– Как же я рада видеть вас, мисс! – повторила Берта уже в седьмой раз. – Я-то боялась, вы больше никогда не вернетесь в Англию, ей-ей.
Придя на станцию, я написала им, что прибуду в Дорсет на следующий день. Берта и Яго приехали меня встретить: Яго долго и безжалостно пожимал мне руку, Берта рыдала в три ручья. Багажа у меня не было, так что мы просто сели в фургон и покатили в Уэймут.
Нам надо было о многом поговорить. В первую очередь, конечно, о моих приключениях. Я рассказала всё в подробностях. Яго насупился, узнав, что мисс Фрост больше не вернется.
– Она тот ещё старый сухарь, – с восхищением заявил он. – Ей никакими враками голову не задуришь.
– Верно подмечено, дорогой, и хорошо сказано к тому же. – Я дружески пнула его по ноге. – Ты на редкость красноречивый юноша. Почему бы тебе не попробовать говорить по-английски?
Яго расхохотался, и Берта тоже прыснула. Не знаю, что их так рассмешило, но было весело. Однако мы ещё не обо всём успели поговорить. Миссис Диккенс осталась в квартире на Беркли-сквер, ожидая нашего возвращения.
– Она прислала для вас целый сундук, красивые платья и всё в таком роде, – жизнерадостно сообщила Берта. Потом вдруг фыркнула: – Вот только ума не приложу, зачем миссис Диккенс прислала ещё и старые помятые часы. В её записке говорилось, что вы поймёте.
Должно быть, это были часы Ребекки. При мысли о них меня охватила светлая грусть. Берта продолжала болтать ещё какое-то время, сказала, что мистер Патридж несколько раз писал мне. Но меня волновал только один вопрос:
– Как там моя… Как там Анастасия?
– Набирается сил с каждым днём, – сказала Берта.

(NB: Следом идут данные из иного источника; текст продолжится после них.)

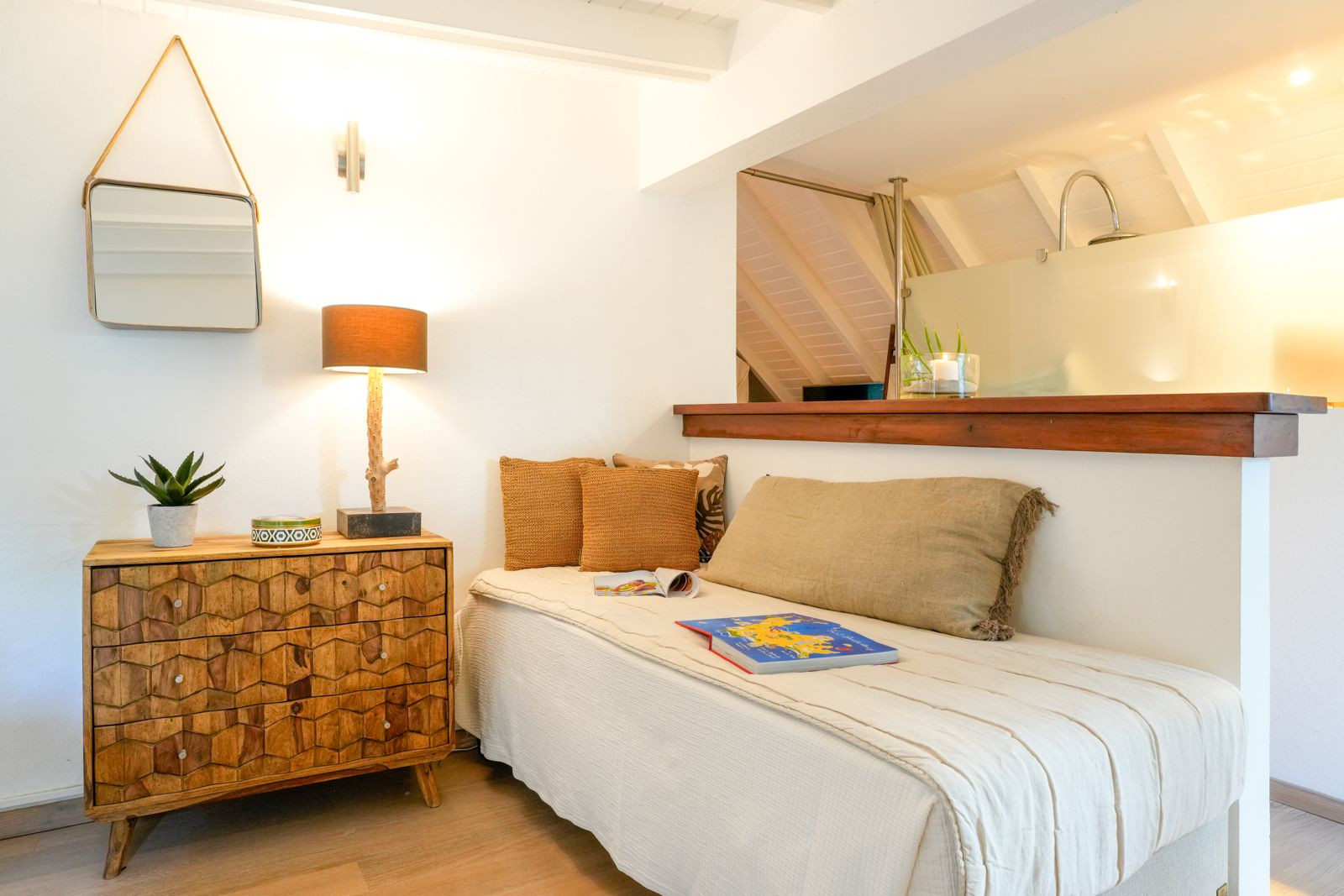 Discover Lodge Kaz in Sucre, a peaceful haven located in Saint Barthélemy, nestled in a calm and bright environment immediately close to the sea. This intimate 50m² rental offers an elegant and carefully furnished setting, perfect for a romantic stay or a rejuvenating rest.

Яго направил нашу повозку на просёлок, отделявшийся от главной дороги, и мы покатили среди степей, заросших высокой травой.
– В первую ночь она только напевала без слов и дрожала, – сказал он. – Но после того как к нам наведалась мисс Фрост, твоя мама стала другим человеком. Позволила Берте помочь ей вымыться, начала есть и даже немного разговаривать. Сегодня утром она работала в саду и пела.

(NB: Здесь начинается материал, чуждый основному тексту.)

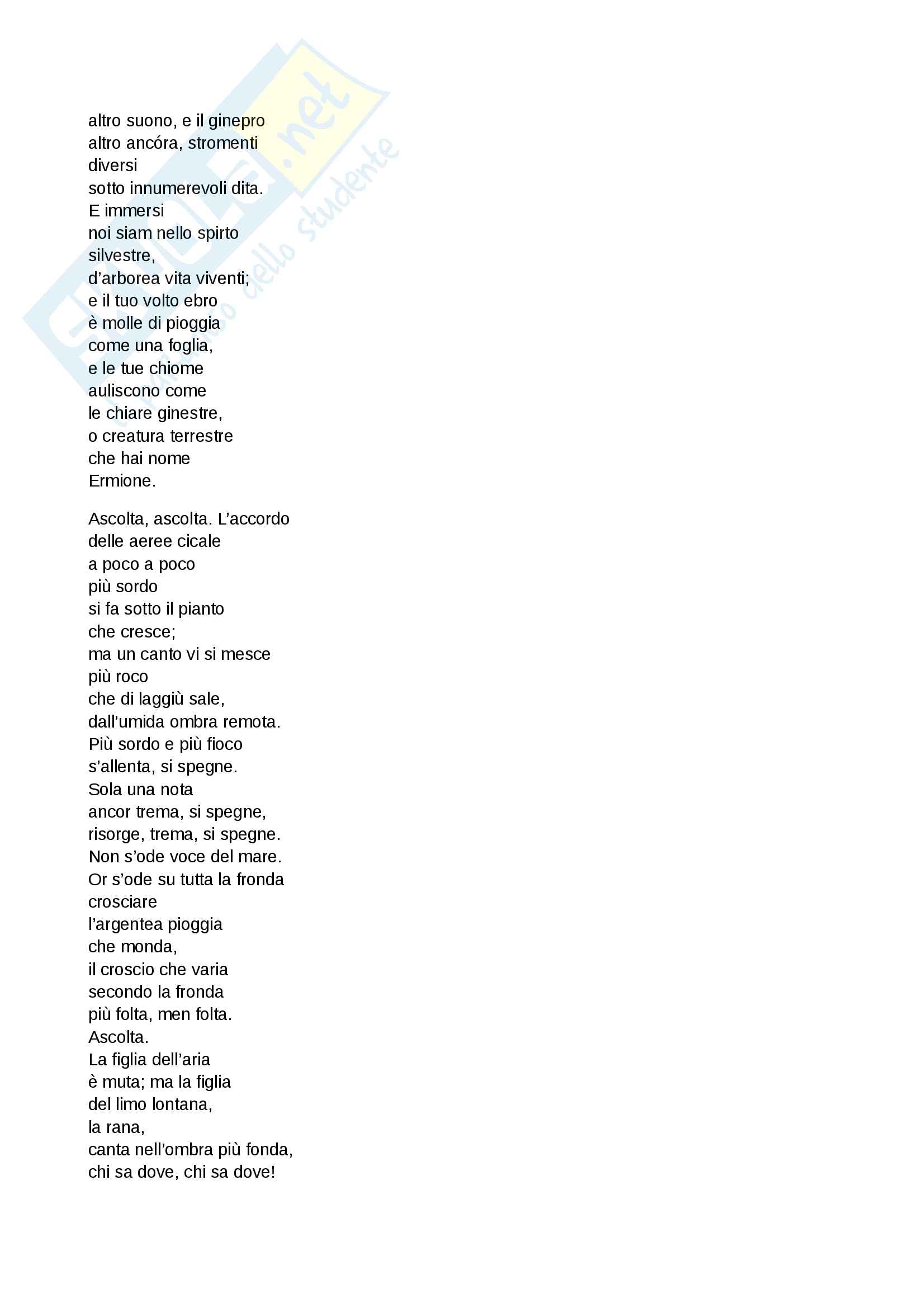 Testo D Annunzio La Pioggia Nel Pineto Docsity

– У вашей матушки такой красивый голос, – добавила Берта.
Мы въехали на холм, и я увидела впереди знакомый маленький домик. В горле у меня пересохло. Всё внутри сжалось. Мне стало так плохо, как никогда в жизни. Мне хотелось, чтобы просёлок тянулся ещё многие мили, но мы уже почти приехали. Яго завел лошадей во двор:
– Ну как, готова, Трещотка?
Мне казалось, я приблизилась цели, к которой шла целую вечность. Так почему же я не спешила выпрыгнуть из фургона и броситься в материнские объятия? Возможно, меня одолела морская болезнь в дороге. Или цинга.